We focus on the complementary problem of excessive prediction undersensitivity, where input text is meaningfully changed but the model's prediction does not.
We formulate a noisy adversarial attack which searches among semantic variations of the question for which a model erroneously predicts the same answer.
- Score: 36.142792758501706
- License: http://creativecommons.org/licenses/by-nc-sa/4.0/
- Abstract: Current reading comprehension models generalise well to in-distribution test
sets, yet perform poorly on adversarially selected inputs. Most prior work on
adversarial inputs studies oversensitivity: semantically invariant text
perturbations that cause a model's prediction to change when it should not. In
this work we focus on the complementary problem: excessive prediction
undersensitivity, where input text is meaningfully changed but the model's
prediction does not, even though it should. We formulate a noisy adversarial
attack which searches among semantic variations of the question for which a
model erroneously predicts the same answer, and with even higher probability.

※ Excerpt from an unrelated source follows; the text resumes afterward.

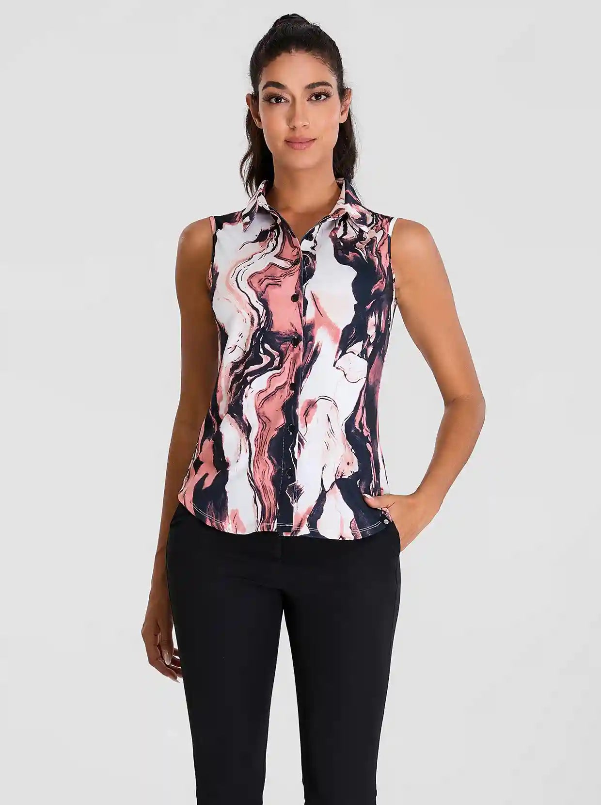 Orange Marble Button-down Sleeveless Golf Polo Shirt for Women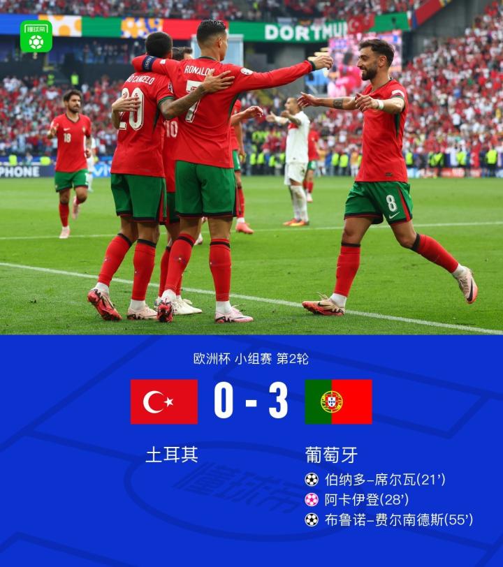 在欧洲杯小组赛第二轮的较量中,土耳其迎战葡萄牙。上半场葡萄牙左路发起攻势,B席后点抽射破门首开记录,随后阿卡伊登回传球不慎打入自家球门,接下来C罗打门造险,莱奥假摔染黄,下半场C罗助攻B费推射空门破门锁定胜局。最终,葡萄牙以3-0战胜土耳其。

Despite comprising unanswerable questions, both SQuAD2.0 and NewsQA models are
vulnerable to this attack. This indicates that although accurate, models tend
to rely on spurious patterns and do not fully consider the information
specified in a question. We experiment with data augmentation and adversarial
training as defences, and find that both substantially decrease vulnerability
to attacks on held out data, as well as held out attack spaces. Addressing
undersensitivity also improves results on AddSent and AddOneSent, and models
furthermore generalise better when facing train/evaluation distribution
mismatch: they are less prone to overly rely on predictive cues present only in
the training set, and outperform a conventional model by as much as 10.9% F1.